[Start of Attachment]
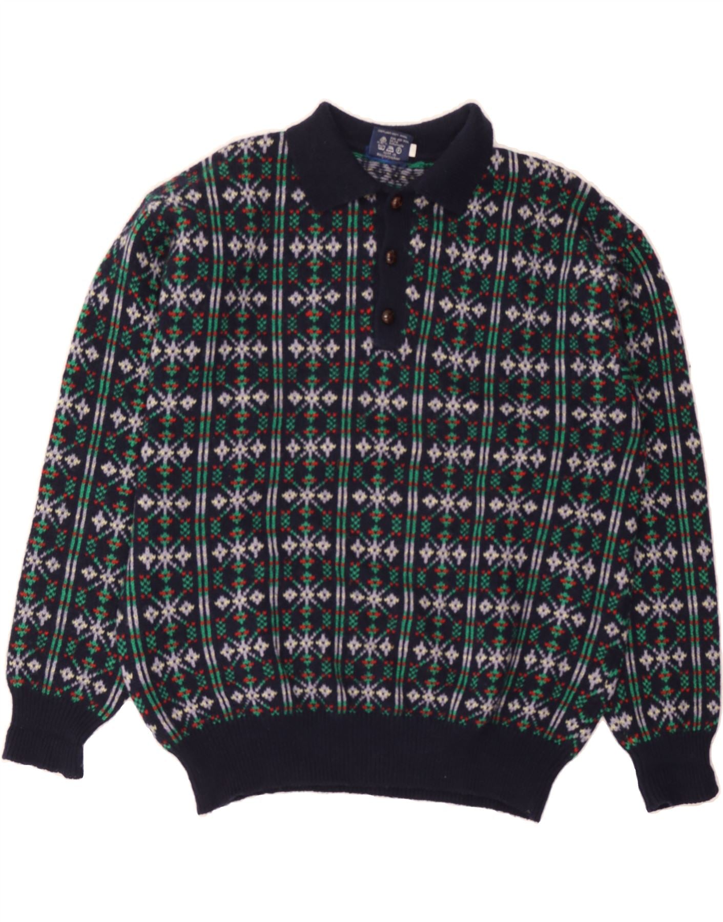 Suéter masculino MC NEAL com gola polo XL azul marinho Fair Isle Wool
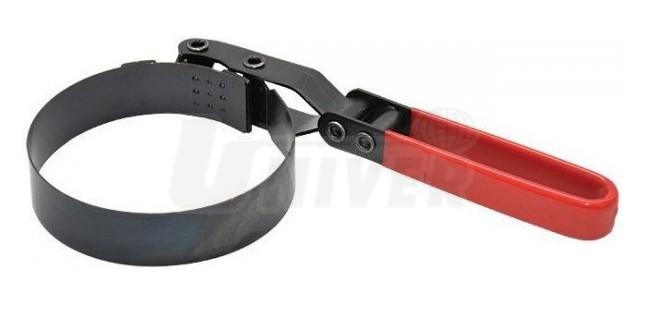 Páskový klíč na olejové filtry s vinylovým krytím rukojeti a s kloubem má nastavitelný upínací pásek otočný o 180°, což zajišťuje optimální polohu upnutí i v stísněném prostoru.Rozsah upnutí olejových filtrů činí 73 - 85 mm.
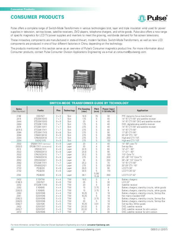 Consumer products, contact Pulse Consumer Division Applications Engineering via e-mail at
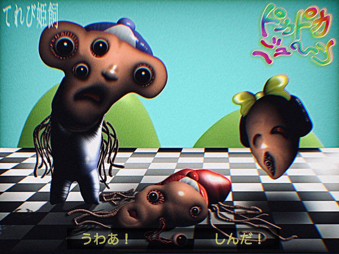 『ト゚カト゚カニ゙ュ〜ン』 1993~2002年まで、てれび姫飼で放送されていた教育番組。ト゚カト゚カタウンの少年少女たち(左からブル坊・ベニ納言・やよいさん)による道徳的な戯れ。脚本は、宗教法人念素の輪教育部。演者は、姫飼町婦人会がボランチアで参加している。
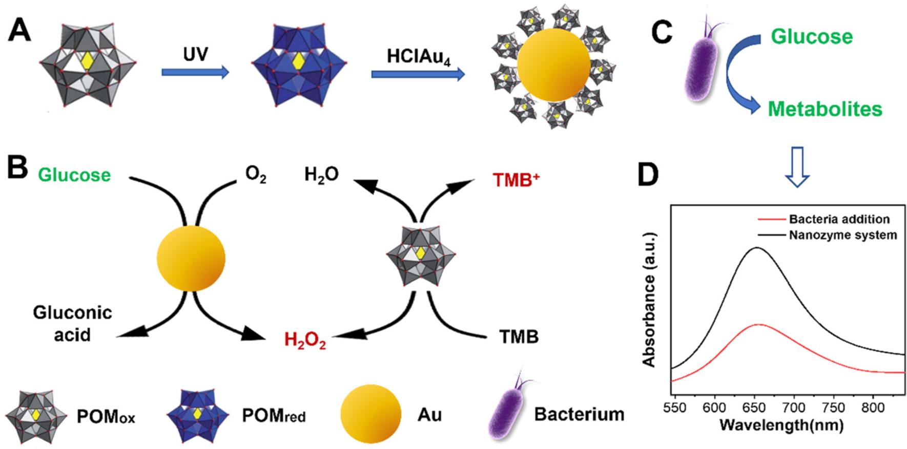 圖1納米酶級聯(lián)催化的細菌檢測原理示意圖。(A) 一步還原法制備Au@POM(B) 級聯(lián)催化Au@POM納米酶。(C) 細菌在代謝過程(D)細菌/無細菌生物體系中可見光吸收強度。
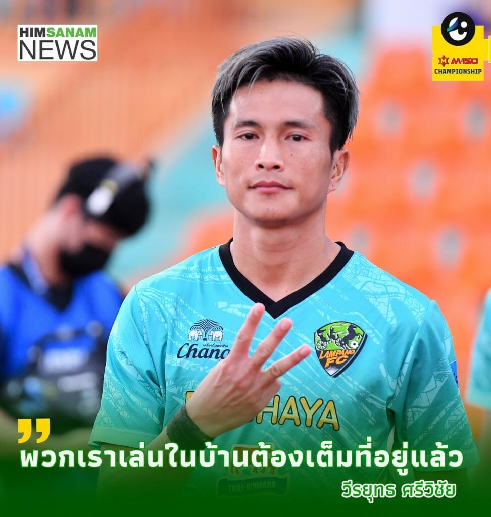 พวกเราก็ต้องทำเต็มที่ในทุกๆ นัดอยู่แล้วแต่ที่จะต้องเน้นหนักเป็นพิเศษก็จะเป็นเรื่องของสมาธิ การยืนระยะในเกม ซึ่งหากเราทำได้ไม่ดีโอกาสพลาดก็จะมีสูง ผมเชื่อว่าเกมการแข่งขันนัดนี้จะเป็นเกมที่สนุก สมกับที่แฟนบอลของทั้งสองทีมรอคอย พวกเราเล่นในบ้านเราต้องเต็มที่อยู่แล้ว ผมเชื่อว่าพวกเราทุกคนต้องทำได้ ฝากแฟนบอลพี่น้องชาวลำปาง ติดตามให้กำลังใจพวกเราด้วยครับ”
[End of Attachment]
** Assignment **
Drop the pictures, then repeat the material word for word.

** Task output **
 Suéter masculino MC NEAL com gola polo XL azul marinho Fair Isle Wool
 Páskový klíč na olejové filtry s vinylovým krytím rukojeti a s kloubem má nastavitelný upínací pásek otočný o 180°, což zajišťuje optimální polohu upnutí i v stísněném prostoru.Rozsah upnutí olejových filtrů činí 73 - 85 mm.
 Consumer products, contact Pulse Consumer Division Applications Engineering via e-mail at
 『ト゚カト゚カニ゙ュ〜ン』 1993~2002年まで、てれび姫飼で放送されていた教育番組。ト゚カト゚カタウンの少年少女たち(左からブル坊・ベニ納言・やよいさん)による道徳的な戯れ。脚本は、宗教法人念素の輪教育部。演者は、姫飼町婦人会がボランチアで参加している。
 圖1納米酶級聯(lián)催化的細菌檢測原理示意圖。(A) 一步還原法制備Au@POM(B) 級聯(lián)催化Au@POM納米酶。(C) 細菌在代謝過程(D)細菌/無細菌生物體系中可見光吸收強度。
 พวกเราก็ต้องทำเต็มที่ในทุกๆ นัดอยู่แล้วแต่ที่จะต้องเน้นหนักเป็นพิเศษก็จะเป็นเรื่องของสมาธิ การยืนระยะในเกม ซึ่งหากเราทำได้ไม่ดีโอกาสพลาดก็จะมีสูง ผมเชื่อว่าเกมการแข่งขันนัดนี้จะเป็นเกมที่สนุก สมกับที่แฟนบอลของทั้งสองทีมรอคอย พวกเราเล่นในบ้านเราต้องเต็มที่อยู่แล้ว ผมเชื่อว่าพวกเราทุกคนต้องทำได้ ฝากแฟนบอลพี่น้องชาวลำปาง ติดตามให้กำลังใจพวกเราด้วยครับ”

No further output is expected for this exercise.